Esta forma de diamante, que se deposita de um vapor sobre uma superfície, tem um custo equivalente a um milésimo de um diamante padrão joia - barato o suficiente para que as empresas começassem a usar revestimentos de diamante em ferramentas de corte e outros produtos industriais.

Assim, acreditam os pesquisadores, o custo de produção de circuitos eletrônicos de nanodiamante pode até ser competitivo com o silício, principalmente se essa produção alcançar grandes escalas.

Os principais usos dos chips de diamante seriam nas chamadas "aplicações de ambiente extremo", o que inclui naves espaciais, satélites artificiais, ambientes de alta radiação e ambientes com extremos de temperatura - um chip de diamante pode funcionar de -180 a +480º C.

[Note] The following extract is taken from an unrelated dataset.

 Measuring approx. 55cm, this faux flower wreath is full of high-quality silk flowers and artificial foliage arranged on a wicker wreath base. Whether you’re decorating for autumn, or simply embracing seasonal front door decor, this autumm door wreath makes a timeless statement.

Outra aplicação promissora são sistemas que exijam velocidades muito elevadas ou baixíssimo consumo de energia.

Híbrido de válvula e semicondutor

Construir um circuito eletrônico de diamante não consiste simplesmente de replicar com diamante o que é feito com silício e outros materiais semicondutores.

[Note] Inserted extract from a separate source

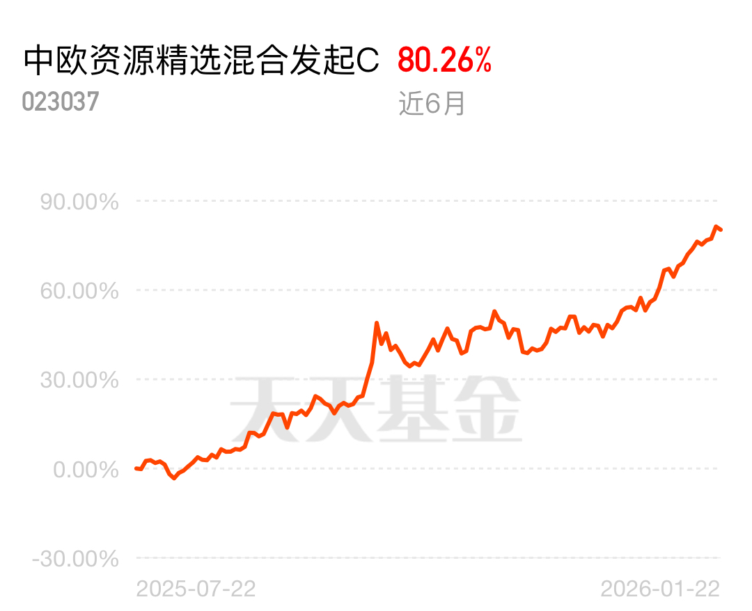 1 月 22 日现货金价冲过 4900 美元,地缘风险不断,多国央行持续入手黄金,美联储政策要调整,美元信用遇危机,避险需求大爆发,机构看涨金价至 5000,有色金属高景气延续,今日低吸好时机,中欧资源精选混合发起 C 近 6 月 80.26%,赶紧跟上$中欧资源精选混合发起C$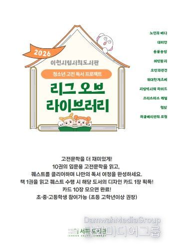이번 프로그램은 2025년 이천시 독서문화브랜드 ‘이천이책’ 사업의 일환으로 운영됐던 청소년 독서 챌린지 ‘리그 오브 라이브러리’의 성과를 바탕으로, 운영 주체를 서희도서관으로 전환하여 지속 추진하는 사업이다.

Os circuitos de nanodiamante na verdade são uma espécie de híbrido das antigas válvulas eletrônicas - antigas, mas ainda hoje usadas em circuitos de alta potência e alta fidelidade - com os componentes semicondutores atuais, combinando algumas das melhores qualidades das duas tecnologias.

Os filmes de diamante são produzidos sobre uma base de dióxido de silício. De forma muito parecida com o que fazem dentro de uma válvula, os elétrons se movem através do vácuo entre os componentes de diamante, em vez de fluir através de um material sólido, como fazem nos circuitos semicondutores.

Processadores de diamante podem durar para sempre
O pesquisador Weng Poo Kang, membro da equipe, inspeciona uma câmara de vácuo usada para testar os componentes de diamante. [Imagem: Joe Howell/Vanderbilt University]

Ou seja, os circuitos de diamante precisam de vácuo para funcionar.

"Um notebook fica quente porque os elétrons viajando através de seus transistores trombam nos átomos no semicondutor e os aquece," explica Davidson. "Como nossos circuitos fazem o transporte dos elétrons no vácuo, eles não produzem nem uma fração desse calor."

Este é um dos motivos pelos quais esses circuitos gastam tão pouca energia.

Outro motivo é que o diamante é o melhor emissor de elétrons que se conhece, produzindo fortes feixes de elétrons com pouquíssima energia. "Nós calculamos que esses dispositivos usarão um décimo da energia dos mais eficientes circuitos de silício," complementa o pesquisador.

Processador a vácuo

Os circuitos de nanodiamante também são muito pouco afetados pela radiação. A radiação atrapalha o funcionamento dos transistores induzindo cargas indesejadas no silício - imagine um pico de tensão derrubando o disjuntor da sua casa.

Como os circuitos de diamante funcionam no vácuo, não há nada para ser atingido pelas partículas energéticas. Se elas atingirem os anodos ou catodos de nanodiamante, o impacto causará apenas uma pequena flutuação no fluxo de elétrons, e não sua interrupção total, como ocorre em um transístor de silício, por exemplo, que perde a operação que estava sendo feita.

Os circuitos de nanodiamante podem ser fabricados pelos processos usados hoje pela indústria de semicondutores, com a exceção do invólucro do chip, que deverá conter um vácuo em seu interior.

Os processadores atuais são selados no interior de invólucros preenchidos com um gás inerte, como o argônio, ou simplesmente envoltos em plástico, para protegê-los da degradação química.

Segundo Davidson, os selos metálicos usados hoje para a fabricação de chips de grau militar são fortes o suficiente para sustentar um vácuo adequado para os processadores de diamante por séculos.